- DATE 2021 became a virtual conference due to the worldwide COVID-19 pandemic (click here for more details)
Taking into consideration the continued erratic development of the worldwide COVID-19 pandemic and the accompanying restrictions of worldwide travelling as well as the safety and health of the DATE community, the Organizing Committees decided to host DATE 2021 as a virtual conference in early February 2021. Unfortunately, the current situation does not allow a face-to-face conference in Grenoble, France.
The Organizing Committees are working intensively to create a virtual conference that gives as much of a real conference atmosphere as possible.

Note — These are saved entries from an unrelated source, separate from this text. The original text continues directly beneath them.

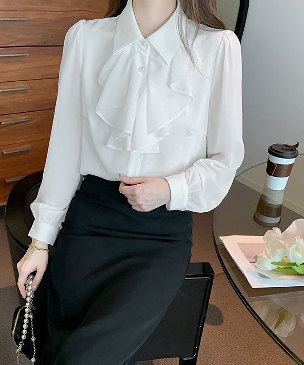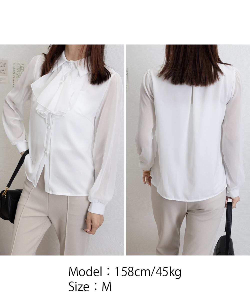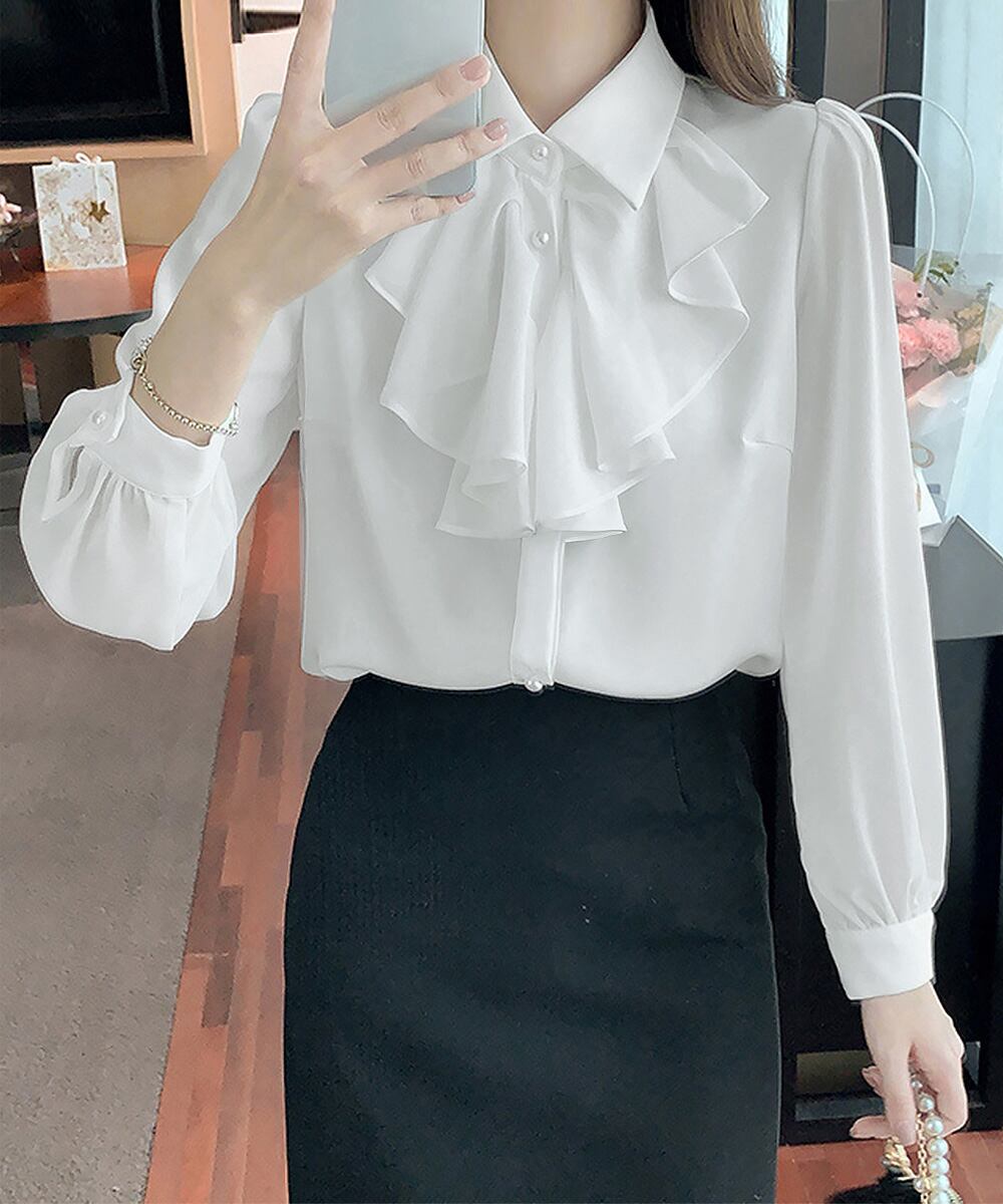 エレガントな雰囲気を漂わせるフリルリボンタイブラウス
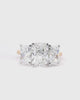 Our Trilogy Design is thoughtfully proportioned to enhance your main Diamond. Three diamonds traditionally represent your past, present and future as a couple; a touch of classic symbolism reimagined with our modern designs. The Trilogy design has been artfully made in an open style setting, allowing ample light to move through each diamond and maximise brilliance. Each diamond is set with a hidden diamond halo and secured with thin, dainty cats claws.
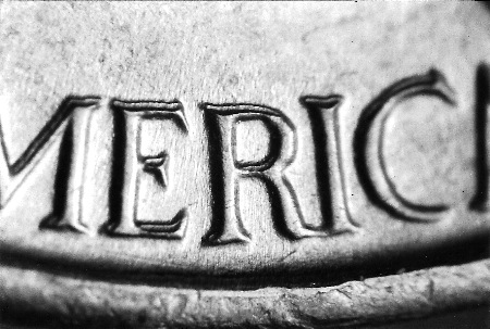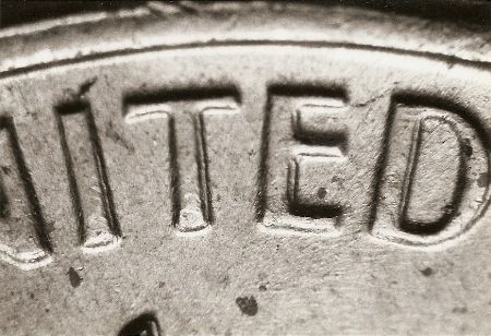 這幅照片里 AMERICA 一詞的字母上的重影是真正的重模現(xiàn)象。這是一枚 1950 精制5分硬幣。

IP3_3 Interactive Presentations
Date: Tuesday, 02 February 2021
Time: 18:30 - 19:00
Interactive Presentations run simultaneously during a 30-minute slot. Additionally, each IP paper is briefly introduced in a one-minute presentation in a corresponding regular session
|IP3_3.1||DOUBLE DQN FOR CHIP-LEVEL SYNTHESIS OF PAPER-BASED DIGITAL MICROFLUIDIC BIOCHIPS
Fang-Chi Wu, Department of Computer Science and Engineering, National Sun Yat-Sen University, TW
Fang-Chi Wu1, Jian-De Li2, Katherine Shu-Min Li1, Sying-Jyan Wang2 and Tsung-Yi Ho3
1National Sun Yat-sen University, TW; 2National Chung Hsing University, TW; 3National Tsing Hua University, TW
Paper-based digital microfluidic biochip (PB-DMFB) technology is one of the most promising solutions in biochemical applications due to the paper substrate. The paper substrate makes PB-DMFBs more portable, cost-effective, and less dependent on manufacturing equipment. However, the single-layer paper substrate, which entangles electrodes, conductive wires, and droplet routing in the same layer, raises challenges to chip-level synthesis of PB-DMFBs. Furthermore, current design automation tools have to address various design issues including manufacturing cost, reliability, and security. Therefore, a more flexible chip-level synthesis method is necessary. In this paper, we propose the first reinforcement learning based chip-level synthesis for PB-DMFBs. Double deep Q-learning networks are adapted for the agent to select and estimate actions, and then we obtain the optimized synthesis results. Experimental results show that the proposed method is not only effective and efficient for chip-level synthesis but also scalable to reliability and security–oriented schemes.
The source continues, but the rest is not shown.